Screen Capture

1:53 PM Posted In , , , , , , , , , , , , , Edit This 0 Comments »
If your goal is to show the entire AutoCAD program window, not just the drawing contained in it, create a screen capture. Most of the figures in this book are screen captures. You might use similar figures to put together a training manual or to show your mom all the cool software you use.
Windows includes a no-frills screen capture capability that is okay for an occasional screen capture. It works like this:
Capture the whole screen or active window with one of these steps:
Press the Print Screen key to capture the entire Windows screen, including the desktop and taskbar.
Hold down the Alt key and press the Print Screen key to capture just the active program window (for example, AutoCAD).
Windows copies a bitmap image to the Windows Clipboard.

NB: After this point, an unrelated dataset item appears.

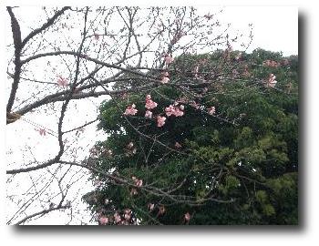 ひたすら大寒の強風が吹きつけていた。寒さに震えて見つけたのは、曇天の下のカンヒザクラだ。風にあおられて健気に花を咲かせていた。頑張っているから、はらはらと散っていく花びらはなかった。・・・しかし、さぶかった!!!

Paste the bitmap image into another program. You have two options:
Paste into a paint program (such as the Paint program in Windows). Use that program to save a raster image as a BMP file format.
Paste the bitmap image directly into a document (such as a Word document or an AutoCAD drawing) without creating another file.

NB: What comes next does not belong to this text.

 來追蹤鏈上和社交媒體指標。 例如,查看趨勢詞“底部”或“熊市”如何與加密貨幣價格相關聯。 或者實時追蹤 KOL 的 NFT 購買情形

If you do lots of captures, a screen capture utility program makes the job faster and gives you more options. You can control the area of the screen that gets captured, save to different raster file formats with different monochrome, grayscale, and color options, and print screen captures. One good screen capture utility program is FullShot by Inbit, Inc. (www.inbit.com).
When you create screen captures, pay attention to resolution and colors:
High screen resolutions (for example, above 1280 x 1024) can make your captures unreadable when they get compressed onto an 81⁄2-x-11-inch sheet of paper and printed on a low-resolution printer.
Some colors don’t print in monochrome, and a black AutoCAD drawing area is overwhelmingly dark. For most of the screen captures in this book I used 1024 x 768 resolution, a white AutoCAD drawing area, and dark colors — mostly black — for all the objects in the drawing.